The performance of solar and wind parks depends on meteorological conditions. A positive deviation from forecast hours of sunshine and/or wind power has a direct short-term impact on the Company's financial and earnings position and on its cash flow. As forecasting quality is improving all the time, both for solar energy and wind, possible deviations are generally very slight.
National and international climate change targets and renewable energy targets are generally actively promoted by means of government subsidies. Generally speaking, there is an unbroken trend towards increasing the share of power production from renewable energies, be it in industrialised countries, emerging markets or developing countries.

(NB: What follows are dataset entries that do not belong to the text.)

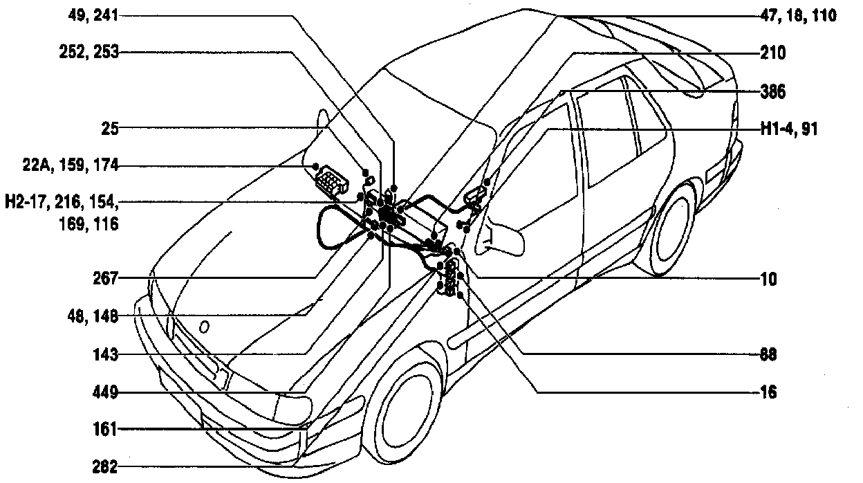 G8 Grounding point, dashboard, by the left-hand front loudspeaker socket.
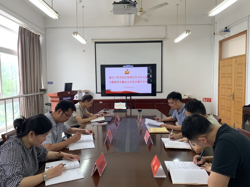 8月26日上午,通信工程学院党委理论学习中心组举行学习贯彻习近平新时代中国特色社会主义思想主题教育专题民主生活会会前集中学习研讨。学院党委书记何宏主持会议并讲话,理论学习中心组成员参加会议。
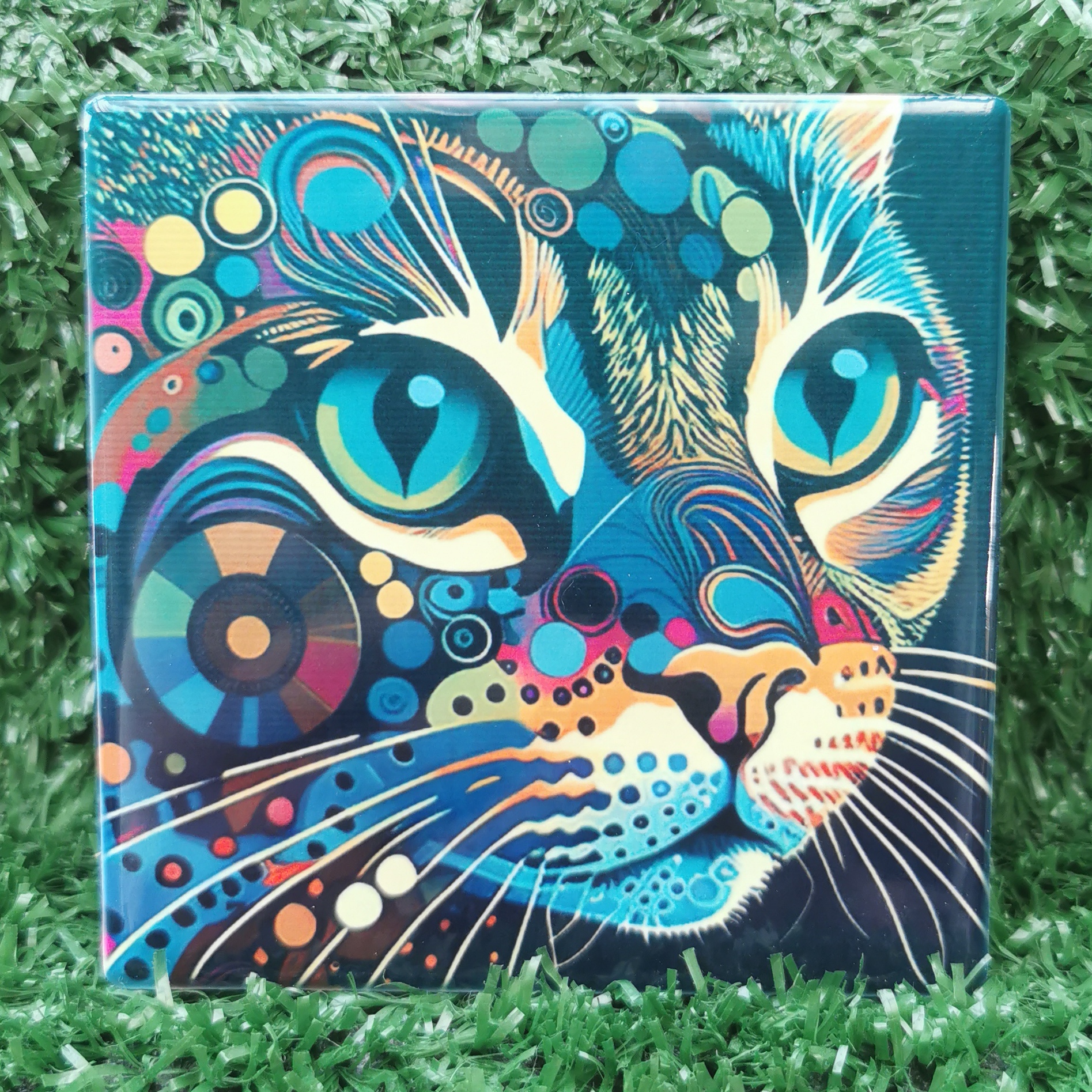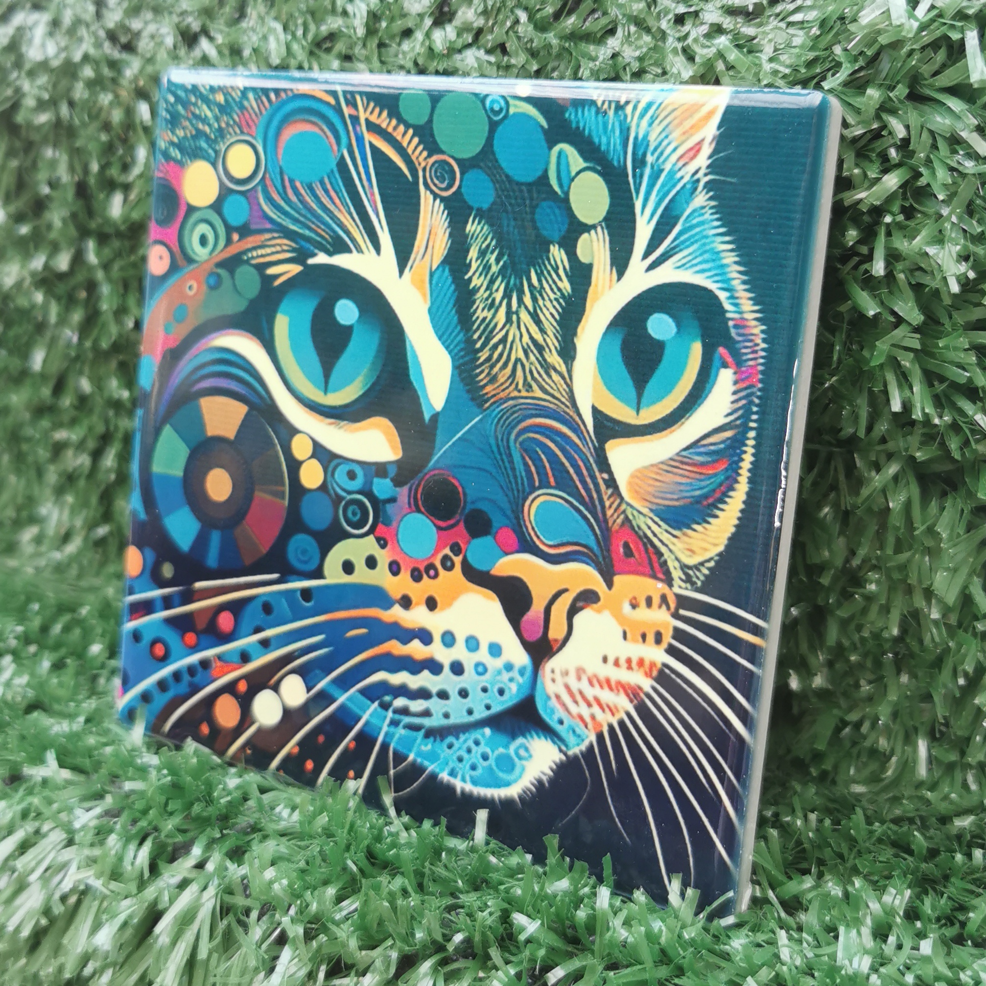 Brighten your living space with our Colourful, Vibrant, Abstract Cat Ceramic Coaster!
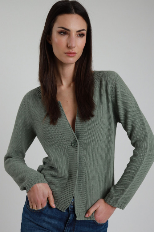 Cardigan Monobottone Con Scollo Ampio. 100%co
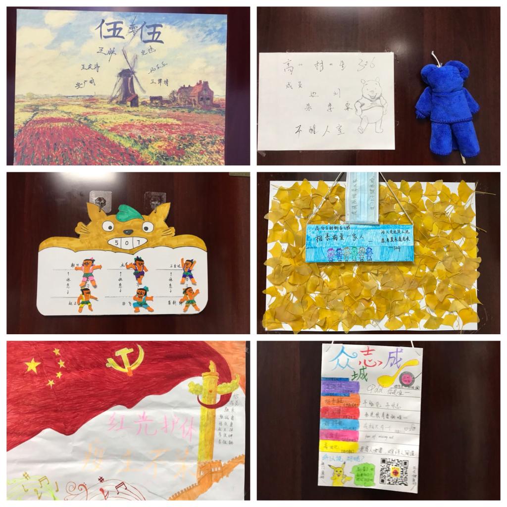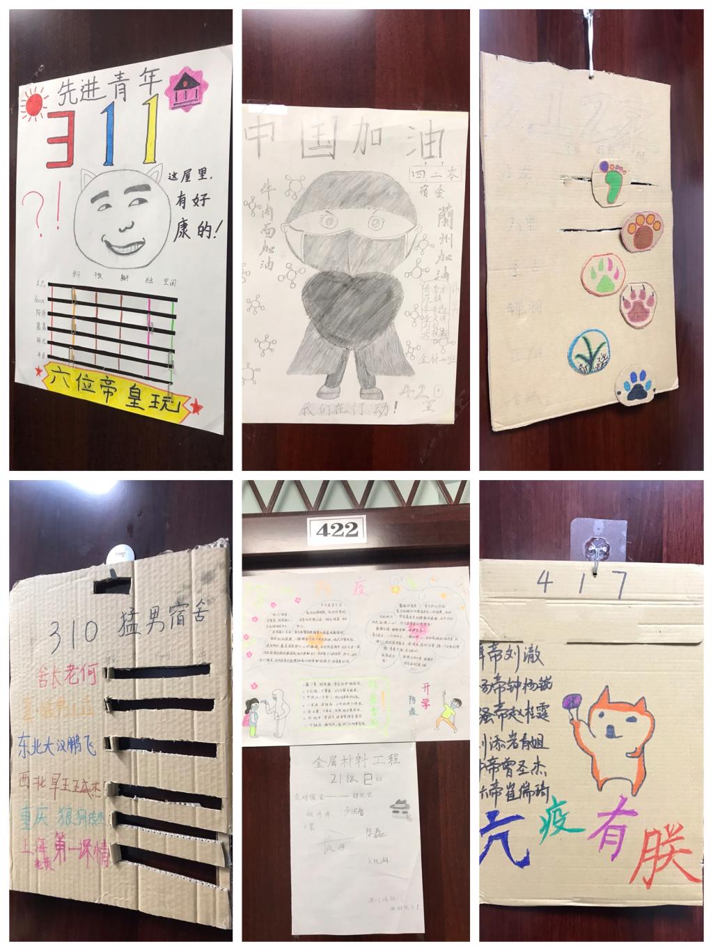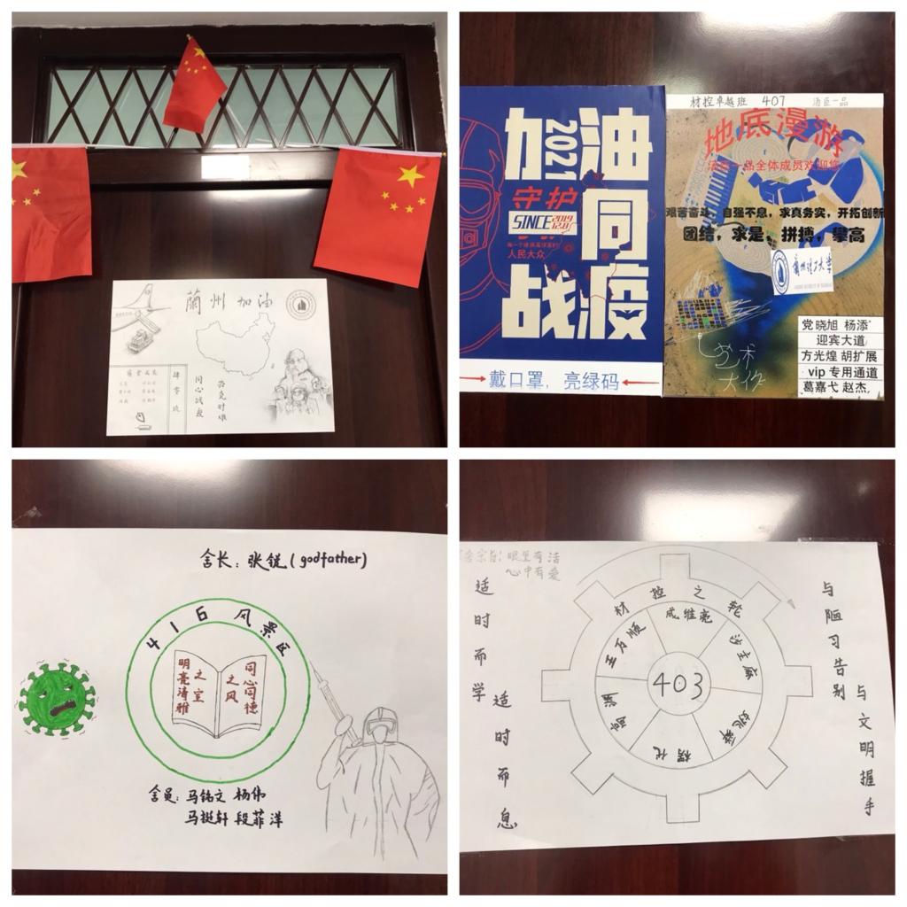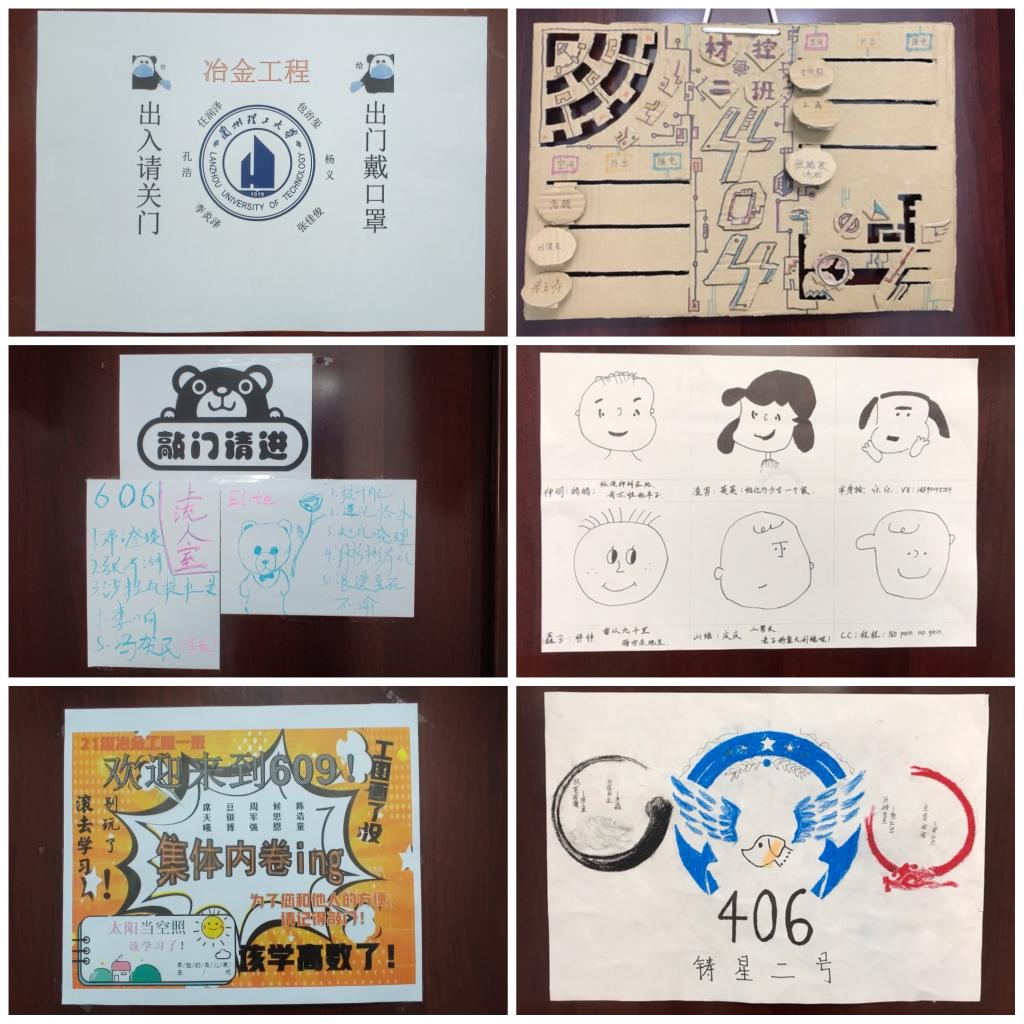 各班级以宿舍为单位,通过开展线上文艺展示主题班会、趣味短视频拍摄、寝室门标设计等趣味活动,让同学们在疫情期间排解心理压力,充实疫情期间课余生活,用健康平和的心态面对疫情遭遇期,让同学们自豪地告知担心的家长,“放心吧,学校的疫情防控工作做得很好,我们在寝室一点也不无聊!”每一张门标、贴纸,每一段寝室趣味视频、照片,每一个摆件、小绿植背后,都是一个个灵感的迸发,思想的碰撞以及材料学子对生活的热爱。有“汤臣一品”、“铸星二号”等对未来生活的期许,也有“葫芦兄弟”、“成仙预备会”等积极乐观的生活态度,更有“同心战‘疫’,共待花期”、“中国加油”、“蘭州加油”等对抗疫战士的感谢及对打赢此次疫情防控遭遇战的坚定信念,在同学们眼中,宿舍门牌不再是一串单调的代码数字,而是他们奇思妙想、脑洞大开创作的一方空间。
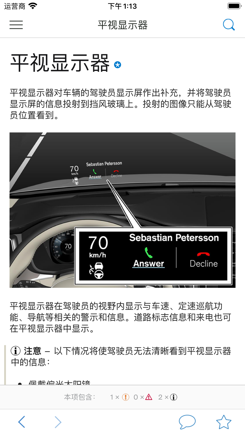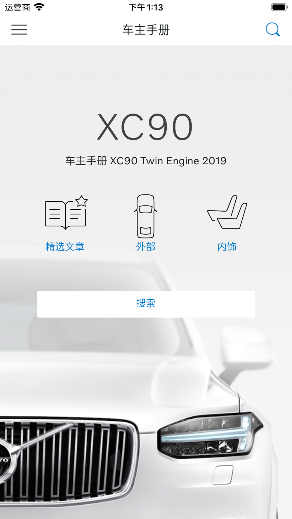 首次使用应用程序以及下载更详细的电子版《车主手册》时需要有互联网连接。 下载完毕后,则无需互联网连接即可查阅《车主手册》。
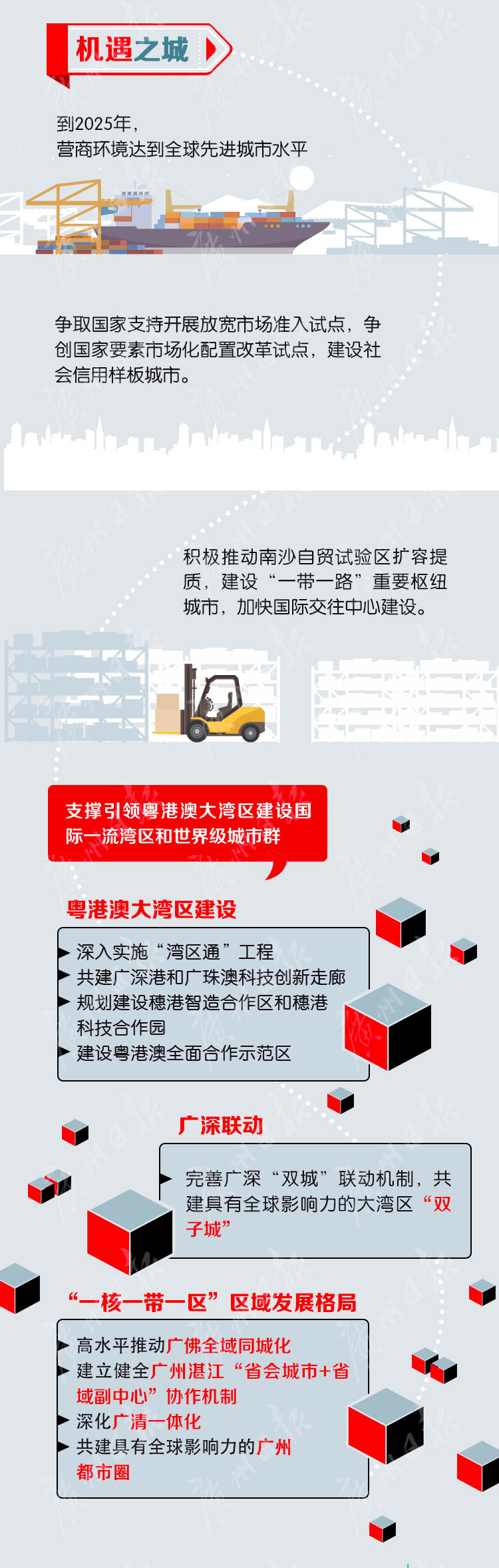 统筹推进“双区”建设、“双城”联动和现代化国际化营商环境优化,建设机遇之城,将广州打造成为全球企业投资、国际人才汇聚首选地和最佳发展地。
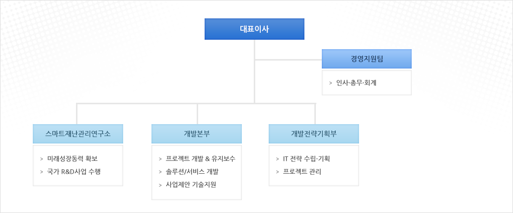 스마트재난관리(Smart Disaster Management)란 실시간 재난예측, 감지, 대응이 가능하도록 정보통신기술(ICT), 항공우주기술(ST), 로봇기술, 나노기술(NT), 바이오기술(BT) 등 첨단기술을 융합하여 시스템적으로 관리하는 것을 말하며, 전 세계적으로도 전략적 고도화를 추진하고 있습니다. 이러한 추세에 맞추어 본 연구소에서도 스마트 재난관리 연구개발 사업 확충과 미래 성장동력 확보를 위해 노력하고 있습니다. 조직은 플랫폼을 기획, 개발하는 플랫폼기획부와 플랫폼 융복합 개발지원 및 솔루션 기능개선을 수행하는 플랫폼개발팀, 국가 R&D 사업수행과 신규 플랫폼개발을 담당하는 C&D팀으로 구성되어 있습니다.
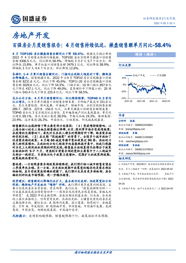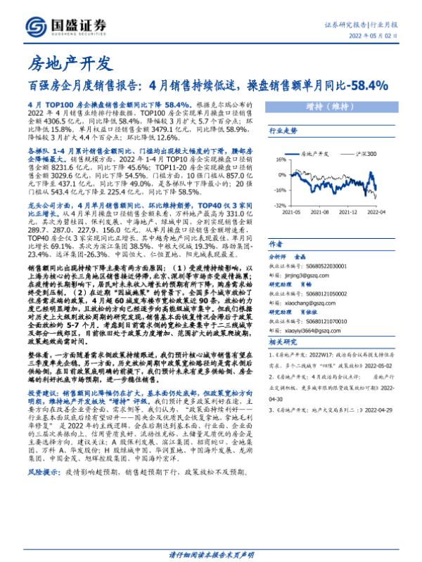 【国盛证券】【20220502】房地产开发百强房企月度销售报告:4月销售持续低迷,操盘销售额单月同比-58.4%-10页
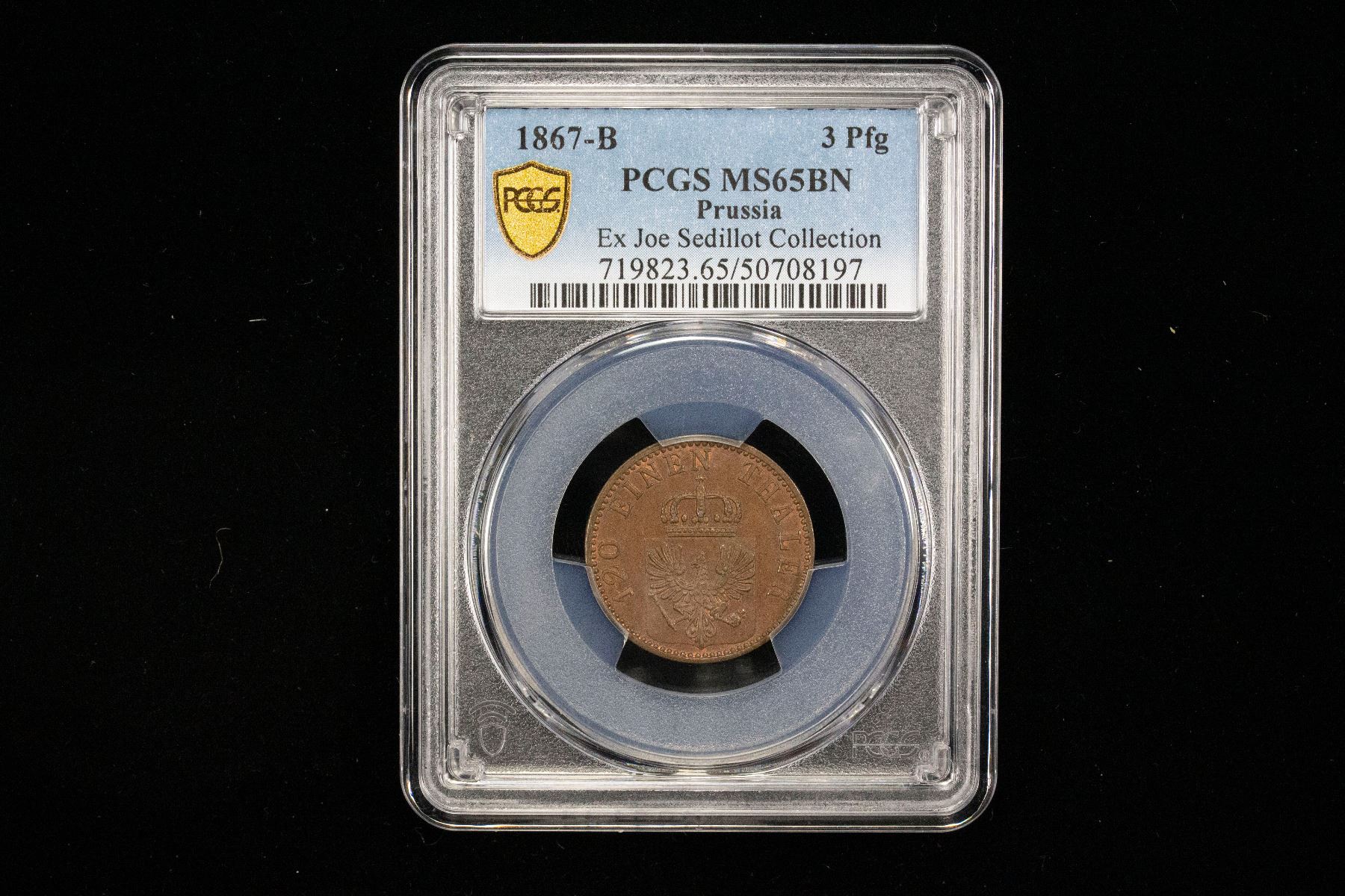 PRUSSIA: Wilhelm I, 1861-1888, AE 3 pfennig, 1867-B, KM-482, Cr-163a, a superb mint state example! PCGS graded MS65 BN, ex Joe Sedillot Collection.

Renewable energies continue to be a megatrend and represent a growth market. Across the globe, around USD 330 billion was invested in the expansion of renewable energies in 2015. The political framework for the development and subsidisation of renewable energies already exists in more than 120 countries. Sustainable, safe, competitive and environmentally friendly energy production is one of the topics on the international agenda for the future. More and more countries are beginning to enact new or adjust existing legislation and establish subsidy programmes in order to achieve their own – but also international – climate and expansion goals. In the medium to long term, this could fundamentally expand the Company's investment opportunities. Capital Stage will continue to invest only in countries with low country-specific risk, clear expansion goals and attractive economic conditions.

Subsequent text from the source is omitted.